* **TASK BRIEF**: Return the following lines and nothing else: the one holding "out the astrology." and all those after it in the records below, unchanged, minus any pictures.

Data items
- Opening Delimiter -
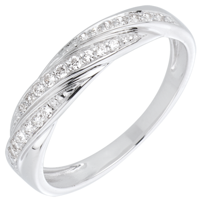Inel împletitură preţioasă din aur alb de 18K şi diamante
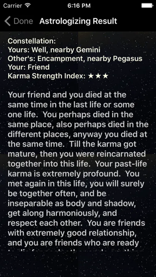 “The Astrology for Your Karma” astrology is the Buddhism astrology. Its advantage is that it can work out the karma between you and someone in your many past lives, this life and many future lives. You only need to input the birth dates, months and years of yourself and the other side, and then you can carry out the astrology.
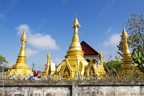 © suthin3, Fototapeta premium Four gold pagoda and sky
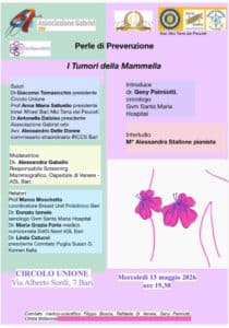 Fare prevenzione dunque, può salvare la vita. Per questo, l’Associazione Gabriel, odv per l’umanizzazione delle cure in oncologia e l’Inner Wheel Bari Alto Terre dei Peuceti, accogliendo una proposta di Geny Palmiotti, oncologo e fondatore dell’umanizzazione in Puglia, hanno organizzato tre appuntamenti dedicati alla prevenzione.
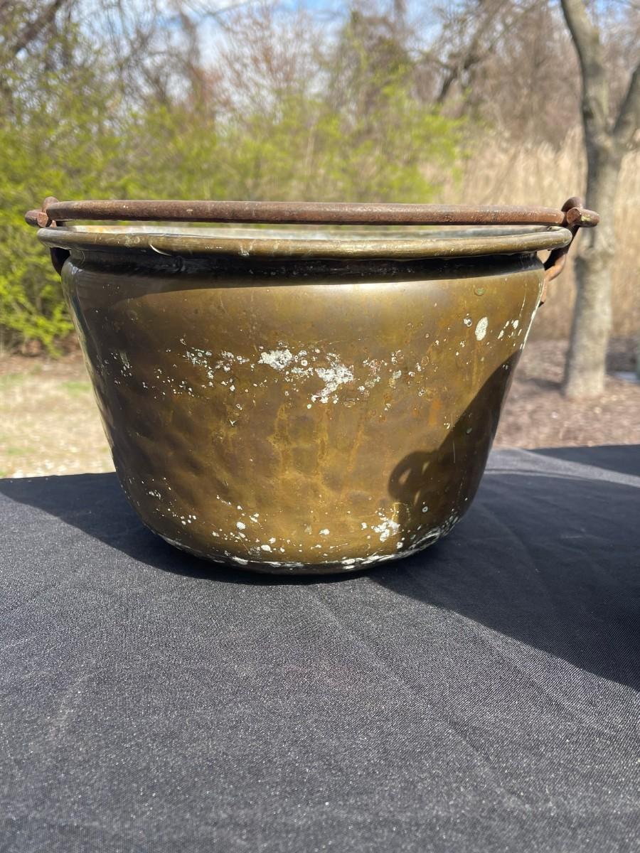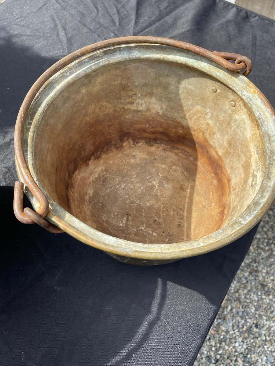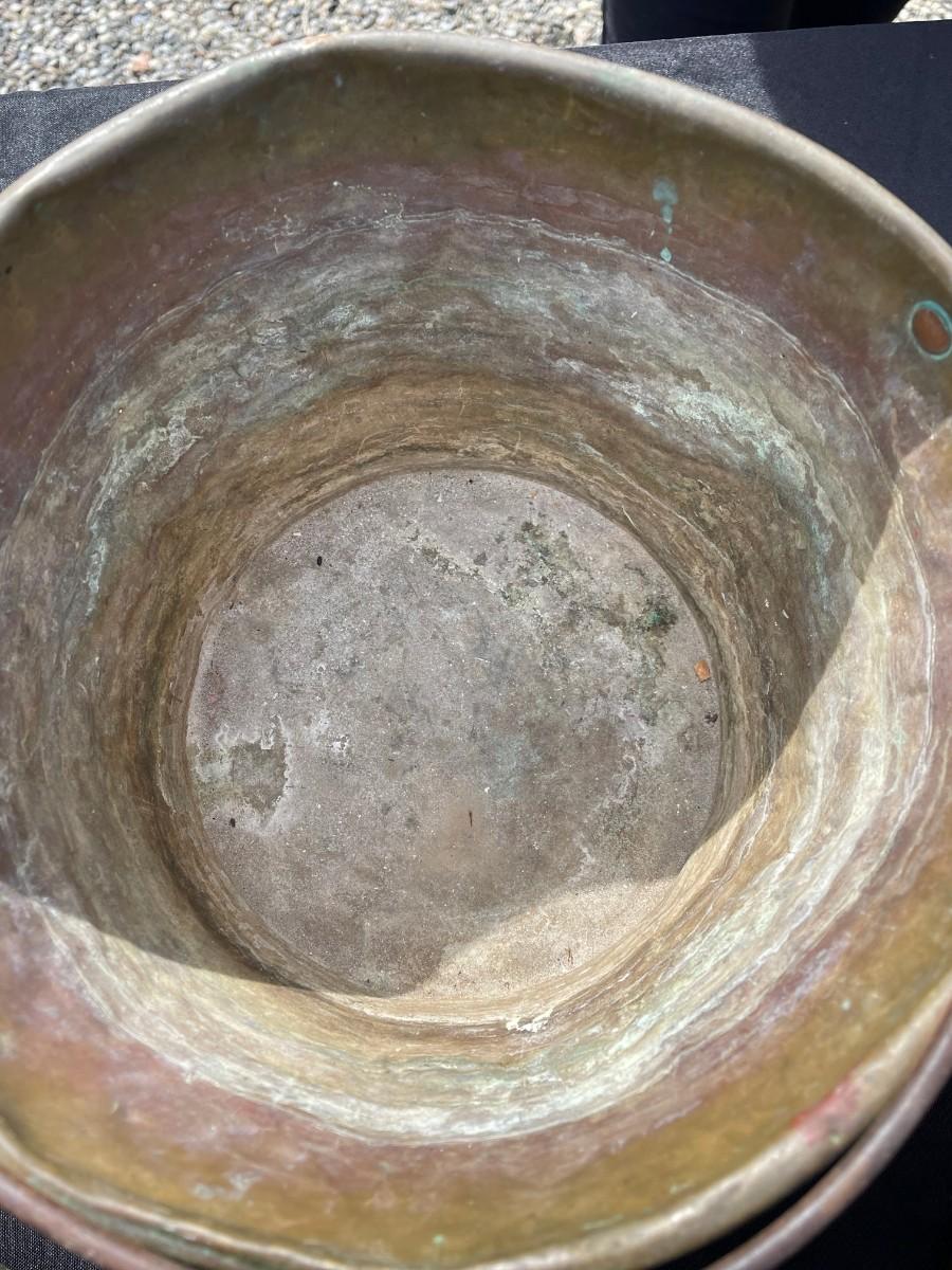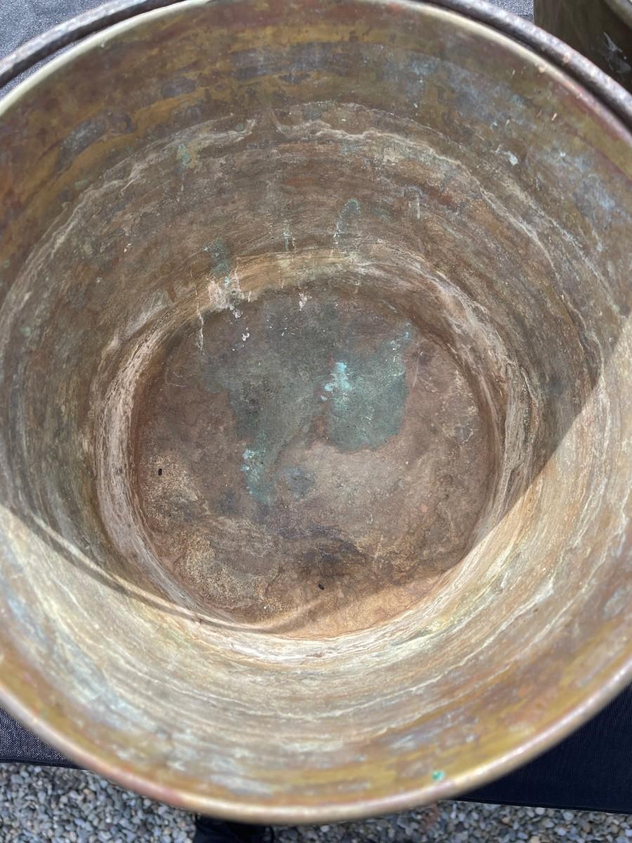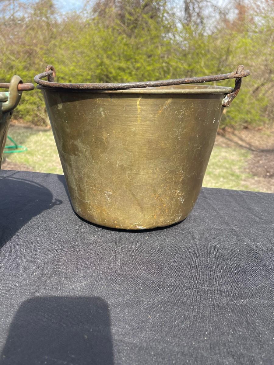 3 antique brass buckets with handle, already have their natural patina !
- Closing Delimiter -
* **TASK RESPONSE**:
 “The Astrology for Your Karma” astrology is the Buddhism astrology. Its advantage is that it can work out the karma between you and someone in your many past lives, this life and many future lives. You only need to input the birth dates, months and years of yourself and the other side, and then you can carry out the astrology.
 © suthin3, Fototapeta premium Four gold pagoda and sky
 Fare prevenzione dunque, può salvare la vita. Per questo, l’Associazione Gabriel, odv per l’umanizzazione delle cure in oncologia e l’Inner Wheel Bari Alto Terre dei Peuceti, accogliendo una proposta di Geny Palmiotti, oncologo e fondatore dell’umanizzazione in Puglia, hanno organizzato tre appuntamenti dedicati alla prevenzione.
 3 antique brass buckets with handle, already have their natural patina !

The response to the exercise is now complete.